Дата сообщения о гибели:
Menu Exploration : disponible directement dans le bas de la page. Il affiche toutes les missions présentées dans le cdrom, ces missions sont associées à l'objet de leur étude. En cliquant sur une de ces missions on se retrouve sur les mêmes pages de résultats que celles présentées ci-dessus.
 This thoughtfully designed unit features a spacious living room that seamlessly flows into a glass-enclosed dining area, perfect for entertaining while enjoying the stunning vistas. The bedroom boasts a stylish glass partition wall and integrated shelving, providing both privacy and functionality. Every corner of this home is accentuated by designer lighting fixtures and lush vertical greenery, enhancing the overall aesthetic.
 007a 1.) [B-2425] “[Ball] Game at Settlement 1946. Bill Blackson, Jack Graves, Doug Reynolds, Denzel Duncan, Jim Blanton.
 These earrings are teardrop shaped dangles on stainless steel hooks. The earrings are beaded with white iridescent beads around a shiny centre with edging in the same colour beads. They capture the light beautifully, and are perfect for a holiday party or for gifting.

++++++

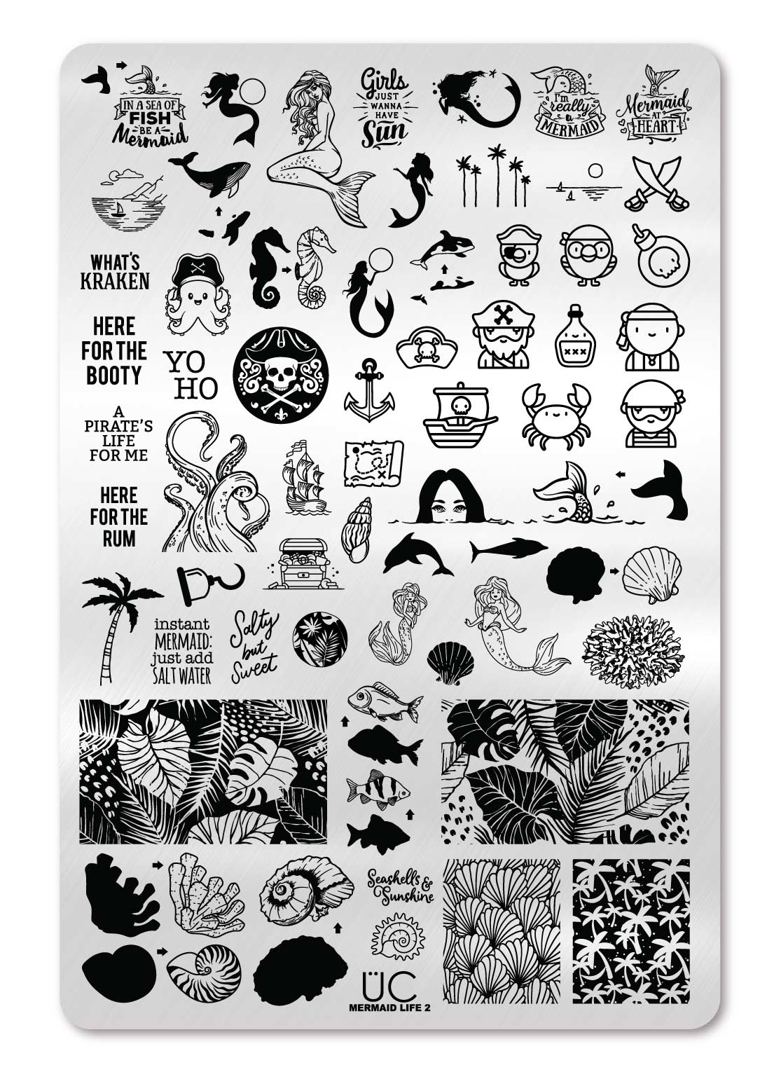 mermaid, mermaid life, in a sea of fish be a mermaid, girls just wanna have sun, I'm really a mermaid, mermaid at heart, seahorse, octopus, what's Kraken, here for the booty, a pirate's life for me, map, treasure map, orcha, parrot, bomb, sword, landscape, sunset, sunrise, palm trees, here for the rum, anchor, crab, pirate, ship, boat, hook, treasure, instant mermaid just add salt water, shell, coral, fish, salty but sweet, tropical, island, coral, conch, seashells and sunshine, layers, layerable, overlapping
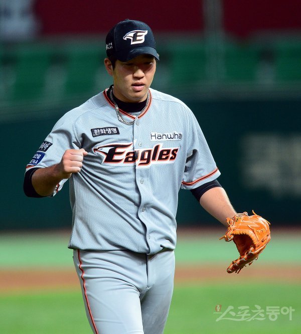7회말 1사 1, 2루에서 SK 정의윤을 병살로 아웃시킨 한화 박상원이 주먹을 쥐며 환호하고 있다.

++++++

▶ **Exercise brief**:
Keep both end lines and retype everything in the records above from the line containing "007a 1.) [B-2425]" through the line containing "These earrings are", exactly, with nothing else.

▶ **Finished task**:
 007a 1.) [B-2425] “[Ball] Game at Settlement 1946. Bill Blackson, Jack Graves, Doug Reynolds, Denzel Duncan, Jim Blanton.
 These earrings are teardrop shaped dangles on stainless steel hooks. The earrings are beaded with white iridescent beads around a shiny centre with edging in the same colour beads. They capture the light beautifully, and are perfect for a holiday party or for gifting.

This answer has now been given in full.